_Exercise data_
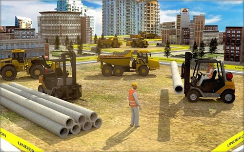 1.玩家需要把建筑仿真设备搬到建筑工地上,用卡车挖掘机把建材运到施工现场。
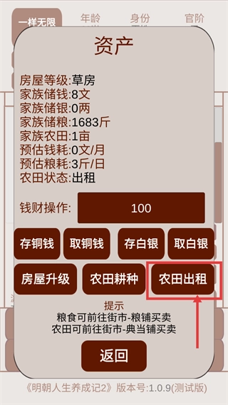 在资产界面点击【农田出租】按钮,能够获取稳定资源,为初期资产积累和后续发展提供助力。
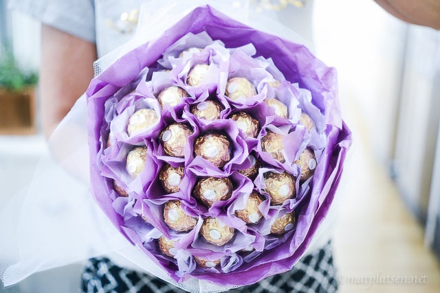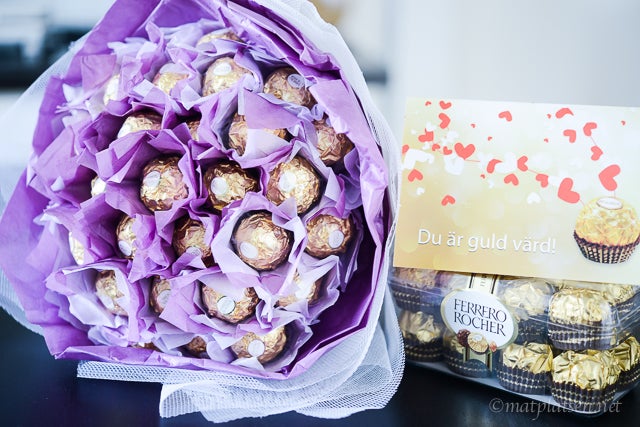 Det är ju iallafall fredag 🙂 Har inte hunnit köpa några fredagsblommor men i går kom ett så himla gulligt bud och gjorde verkligen min dag!! Tack Ferrero Rocher för den ljuvliga ”blom”-buketten med choklad. Har satt den i en vas nu så den får agera fredagsblomma helt enkelt 🙂

_Instructions to follow_
Begin at the line with "在资产界面点击【农田出租】按" and end at the last line of the data above. Reproduce those lines exactly, but not the pictures.

_Your solution_
 在资产界面点击【农田出租】按钮,能够获取稳定资源,为初期资产积累和后续发展提供助力。
 Det är ju iallafall fredag 🙂 Har inte hunnit köpa några fredagsblommor men i går kom ett så himla gulligt bud och gjorde verkligen min dag!! Tack Ferrero Rocher för den ljuvliga ”blom”-buketten med choklad. Har satt den i en vas nu så den får agera fredagsblomma helt enkelt 🙂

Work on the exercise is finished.